Until another patient, Henri (etta) Watkinson, decided she should have Pen's clothes. The knife was stolen from the kitchen, though patients were not allowed entry to the kitchen and had to remain in the food hall. It didn't cut Pen but it did slash her dress, a rather sombre Victorian frock which ruffled high at the neck and dropped to just above the floor. Penelope's sweet nature seemed to have been torn too. It turned savage. The velvet in her voice turned to Velcro, rasping as the words separated themselves from her mouth. Henri dropped her blade but it didn't touch the floor. It was never found afterwards yet Henri's face was repeatedly cut and one of Penelope's fingernails was embedded in her assailant's inner ear.

From that point on, all residents were required to wear the same garb and said garb was as nondescript as possible without asking them to wear a sack.

The reflection regarded Alice silently. She could feel its hate filled stare drilling into her as if it were (tre)panning for neurological gold. It was then she sensed a multitude of other gazes. She felt as if she'd woken up in the middle of a forest and the trees hid wolves with only the slits of their glowing eyes showing. Her heart began to race and she was afraid to look around. But she had to. She must. Look your demons in the eye and they become mortal. You can defeat a mortal, Dr. Edwards said.

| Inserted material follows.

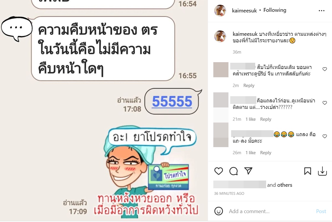 กระทั่งล่าสุด (8 มีนาคม 2565) ไก่ มีสุข ได้ออกมาเผยภาพแชตไลน์ที่คุยกับแหล่งข่าวรายหนึ่ง บอกกับเธอว่า "ความคืบหน้าของ ตร. ในวันนี้ คือไม่มีความคืบหน้าใด ๆ" ทำเอาเจ้าตัวถึงกับต้องส่งสติ๊กเกอร์มอบ "ยาโปรดทำใจ" ที่ใช้ทานหลังหวยออก หรือเมื่อมีอาการผิดหวังทั่วไป ให้กับอีกฝ่ายเลยทีเดียว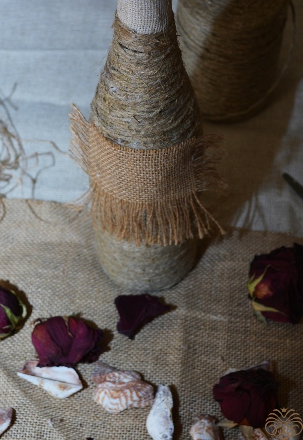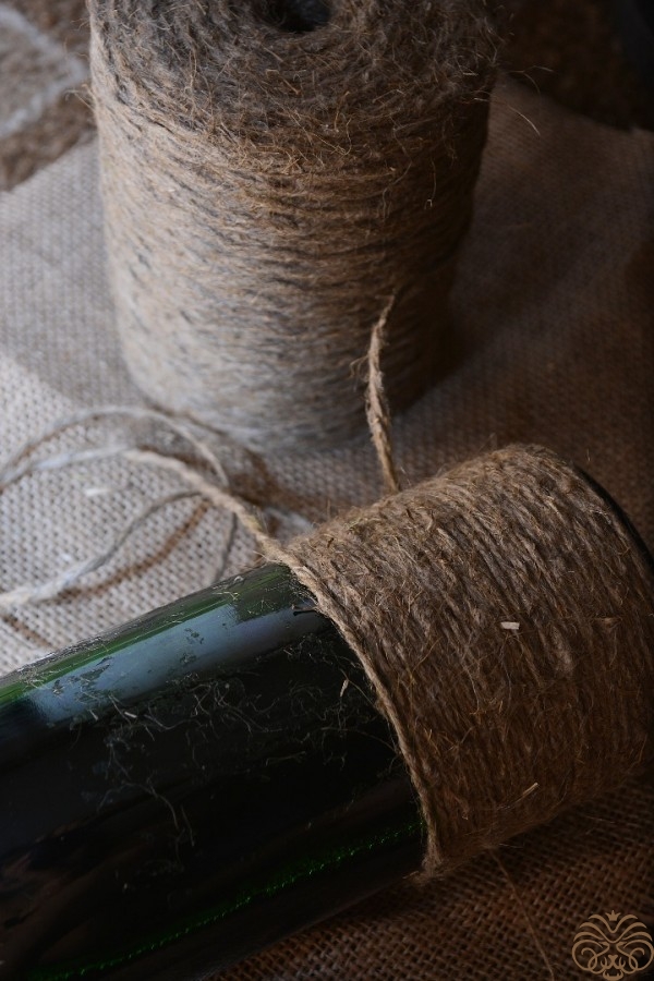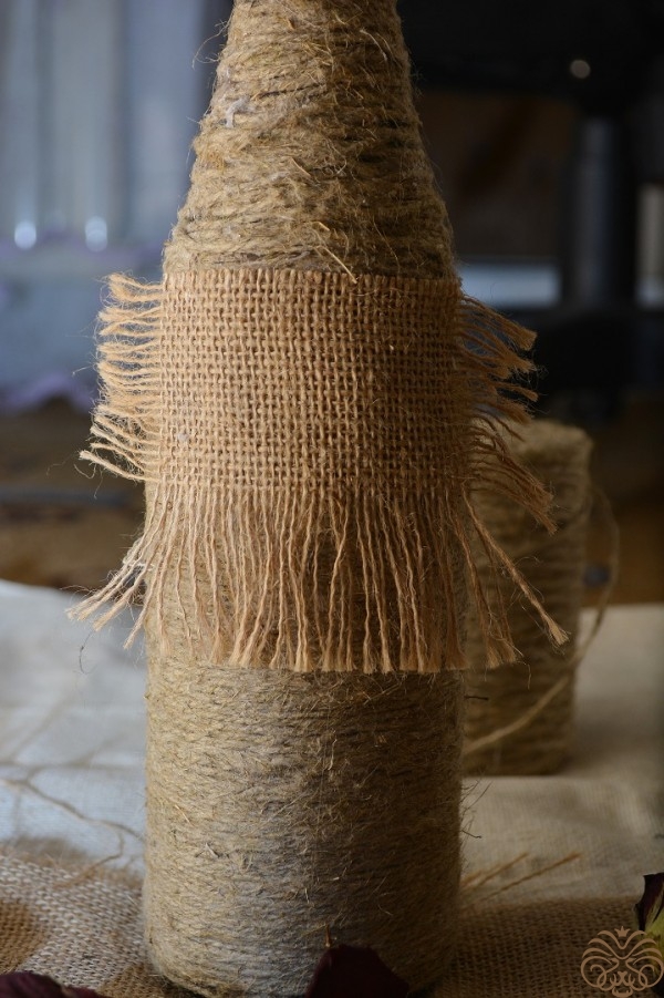 И так, отрезаем маленький кусочек мешковины и приклеиваем на горлышко бутылочки, далее проматываем шпагатом до края мешковины. Самое главное мы сделали. Сейчас осталось украсить бутылку и звать гостей  на "загадочное" вино)))

Alice looked. She turned her head defiantly to her observers. She immediately wished she hadn't. It wasn't one sister, sitting opposite and taunting her, it was a hundred. More. In each mirror, reflected in the one opposite, there was an unending stream of siblings. They smiled and then laughed. While Alice screamed, her replicas cackled in hideous hilarity. She could see their faces contort and their fingers lengthen into claws. Their black hair began to fall out, leaving bare patches of festering skin. Then, as one, their laughter halted as they pointed at her.

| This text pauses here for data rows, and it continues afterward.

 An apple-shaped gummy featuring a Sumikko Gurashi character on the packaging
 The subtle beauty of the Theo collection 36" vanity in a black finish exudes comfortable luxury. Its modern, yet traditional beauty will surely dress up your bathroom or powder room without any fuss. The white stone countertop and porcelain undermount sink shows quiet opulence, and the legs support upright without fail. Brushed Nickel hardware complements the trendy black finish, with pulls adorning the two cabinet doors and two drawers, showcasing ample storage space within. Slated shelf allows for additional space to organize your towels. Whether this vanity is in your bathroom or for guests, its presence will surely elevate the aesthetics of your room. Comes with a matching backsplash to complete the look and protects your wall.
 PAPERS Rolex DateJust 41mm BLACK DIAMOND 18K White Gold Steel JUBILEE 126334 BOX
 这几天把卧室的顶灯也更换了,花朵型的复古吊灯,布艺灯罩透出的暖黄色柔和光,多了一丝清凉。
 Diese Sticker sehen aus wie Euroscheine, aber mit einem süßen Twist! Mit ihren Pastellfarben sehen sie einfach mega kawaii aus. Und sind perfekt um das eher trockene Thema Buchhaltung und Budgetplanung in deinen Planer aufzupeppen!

Alice gulped, trying to force moisture into her barren throat. She had to fight them. She had to vanquish her monsters.

No, not monsters, monster. Singular rather than plural. She was a twin. She had one sister. If she could overcome just her, the others would fall also.

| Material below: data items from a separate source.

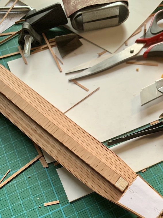 Patent z "cyklinowaniem" pokładu to strzał w 10. Użyłem do tego ostrej żyletki. Oczywiście pewnym problemem jest grubość planek - 0,5 mm. Tutaj wiele nie trzeba, żeby przejść na wylot.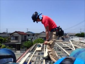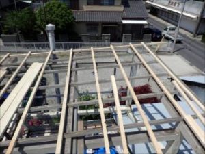 ベランダの日除けは木製により手作りにより施工設置されていましたが、長年の年月により劣化してしまっていました。釘穴から浸入した雨により、木製根太垂木が腐食していたため、今回の工事で新しい木材へ交換いたします。手作りとは思えないくらい基本に忠実に作られていたため、修復工事はとてもしやすく、作業が円滑に進みます。
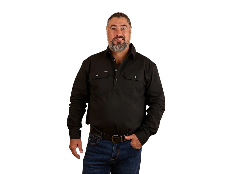 For men who need work shirts that combine performance with comfort, Ringers Western introduces the King River Mens Half Button Work Shirt. Constructed from soft, durable 100% cotton, this work shirt for men is designed to be breathable and light, even in the heat. With a UPF 50+ rating, it offers outstanding sun protection, while the half-button closure promotes airflow for extra comfort. Featuring a loose fit and functional front pockets, this men’s work shirt is a reliable and practical choice for demanding work environments.

Turning away from the devils in the mirrors, Alice looked back at the one she faced when she first opened her eyes. This mirror was massive, engulfing the wall. In it, Alice could see only her reflection. Her body and chair. The rest of the room seemed to have disappeared, leaving only the twins to be separated by the silver-backed glass. Surrounded by an ornate working of swirls which seemed to force the eyes into the centre of the image, her sister pushed herself up and walked forward. Alice found that she, without realising she had stood, was also stepping forwards.

As they approached, the darkness around the twin swirled like the frame and broke like waves against her ankles. The waves became grasping hands, pulling at her garments and legs. The hands churned and changed again, this time taking the form of long, thin shadows which scurried up to sit on her shoulders. Alice's reflection stroked the head of one of them. It smiled, baring its finely pointed teeth in a wide, welcoming grin.

The girls stopped, almost nose to nose.

"What do you want?" Alice asked, trying to push some confidence into her shaky voice. Her reflection didn't answer. Instead it simply watched her, smiling as broadly as the shadow on her shoulder.

"WHAT DO YOU WANT?"

No response.

Alice raised her fist, pulling all her sorrowful years into its clenched fingers, and thrust it forward into the face of her tormentor.

Her reflection vanished. The glass was gone. Alice's hand and arm went through something which was no longer there and was engulfed by the darkness.

She tried to scream but a sudden, unseen, pull yanked her forward leaving her cry to fall on nonexistent ears.

Only the solitary chair remained. The mirrors sighed and returned to showing only the room.